Two separate word clouds were generated depicting the frequency of all words observed in the text of tweets analyzed for both instances (see Figures 2 and 3).

Figure 2. Word cloud for generic instance.
View this figure
Figure 3. Word cloud for street instance.
View this figure

Twitter NUPM Characteristics

In the next step, we applied our supervised machine learning content coding protocol in order to more specifically identify content relevant to NUPM. We used this process to filter out “false positive” tweets that were unrelated to NUPM but nevertheless were returned in filtered results as the keyword appeared somewhere in the text or metadata [22]. Coding of data between the 2 human coders achieved a high level of intercoder agreement for both subsamples of data from the two instances (all Cohen’s kappas for characteristics reviewed were greater than .83 and had a mean score of k=.91). Supervised machine learning was conducted by defining a feature space of documents (tweets) with a unigram term-document matrix. The accuracy score of the classifier models of tweet relevance to NUPM, when evaluated by repeating 10-fold cross validation three times, was 94.5% for the generic name dataset and 93.5% for the street name dataset, while accuracy scores of favorability for the generic name data were 95.1% and 94.1% for the street name data. We also compared the performance of models built from different word-grouping units (unigram, bigram, trigram, and combination of 1-3 grams); however, larger grouping units did not add significant performance improvement compared to unigram analysis. We therefore used the model created with unigram text data for the final analysis.

Applying this classifier to the generic name dataset yielded a total of 135,776 tweets (81.72% of the English tweets with at least one keyword) that were predicted to be relevant to NUPM behavior or promotion.
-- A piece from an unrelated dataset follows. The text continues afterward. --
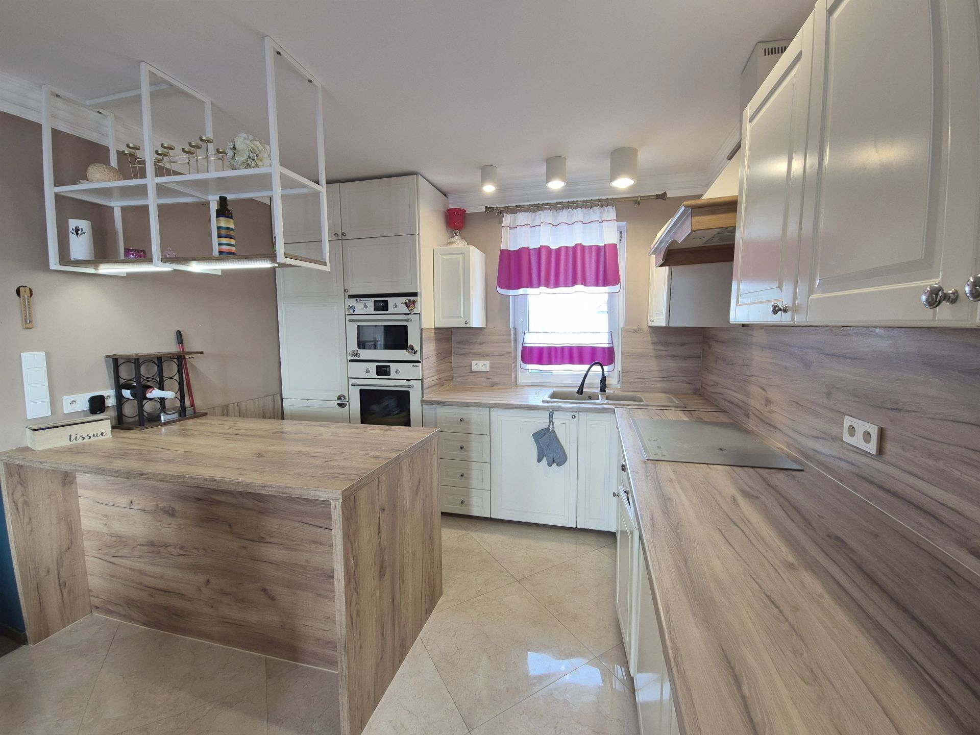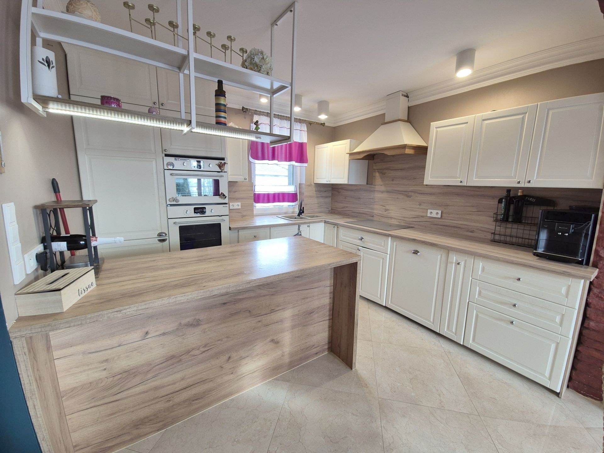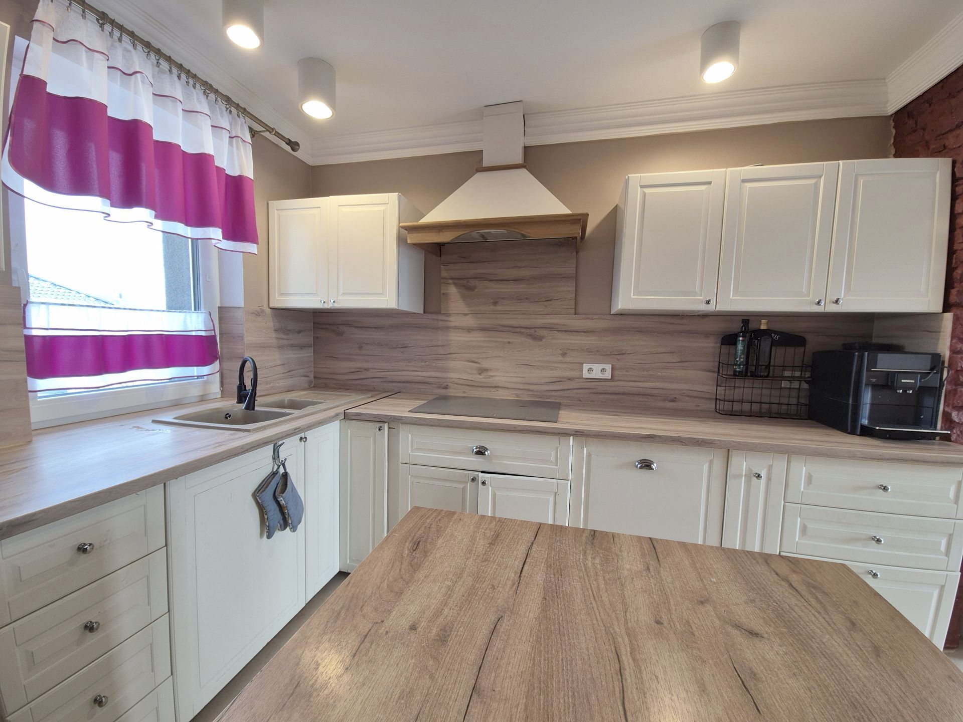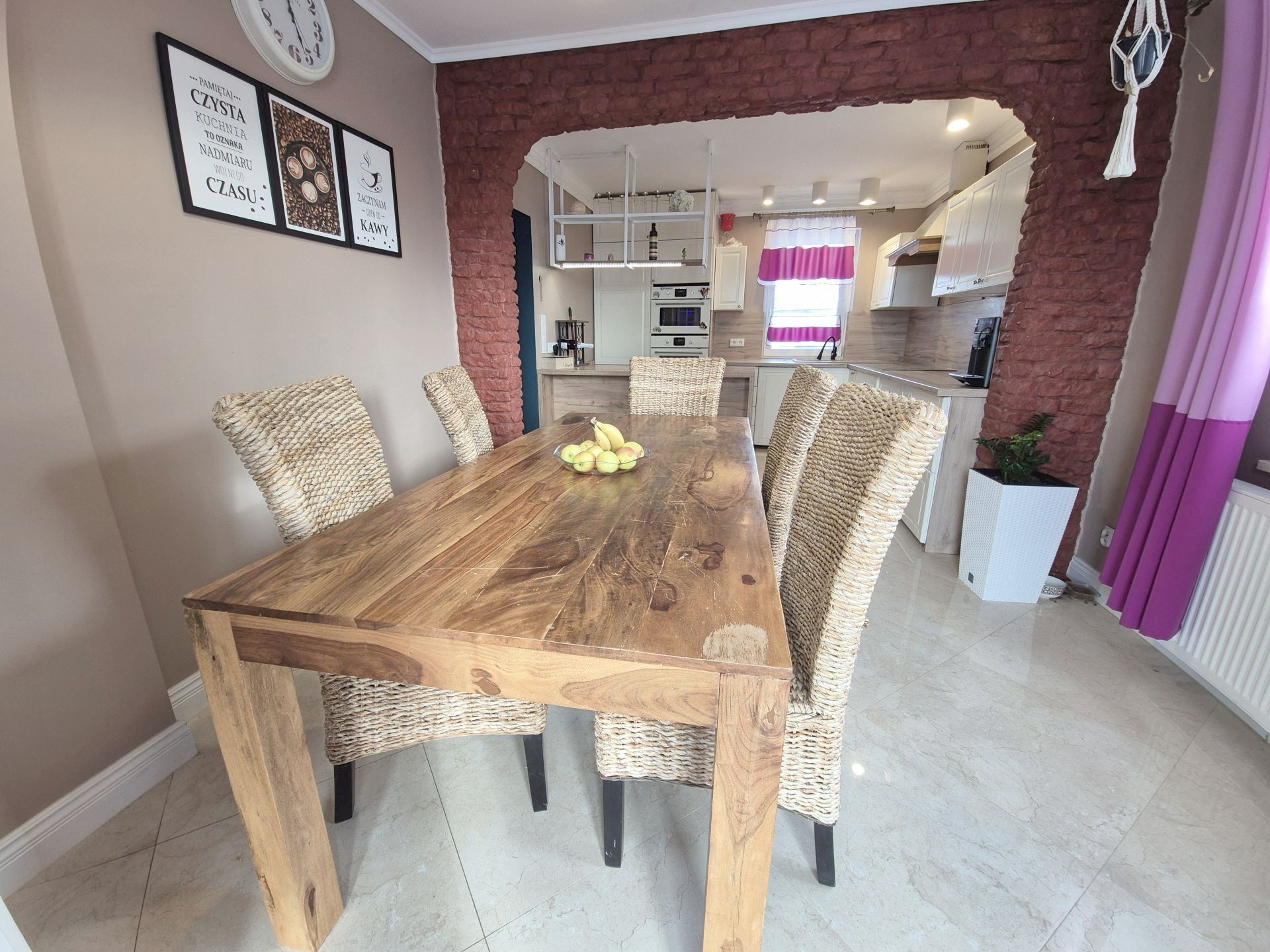 Kuchnia w zabudowie, wyposażona we wszystkie niezbędne sprzęty AGD, które pozostają na stanie nieruchomości.

Conversely, false positives were detected in high frequency in the street name instance (eg, OXY, which is a stock listing symbol for the publicly traded company Occidental Petroleum Corporation and #uppers, which is a Twitter hashtag for users who engage in political discussion), with only 9817 (12.28%) tweets predicted as relevant to NUPM. Of the NUPM relevant tweets, an estimated 98.59% (n=133,863) and 78.76% (n=7732) favorably promoted NUPM behavior in the generic name and street name instances, respectively. Finally, after filtering both instances for NUPM-relevant tweets, 1.36% (n=1842) and 3.1% (n=308) were detected as geocoded, in the generic name and street name instances, respectively, with most of the tweets originating from users in California, Texas, and New York. In a map comparing individual geolocatable tweets with zip code–level kernel density of individuals aged 15-19, there was a positive relationship observed between NUPM tweets and areas with higher youth density (see Figure 4).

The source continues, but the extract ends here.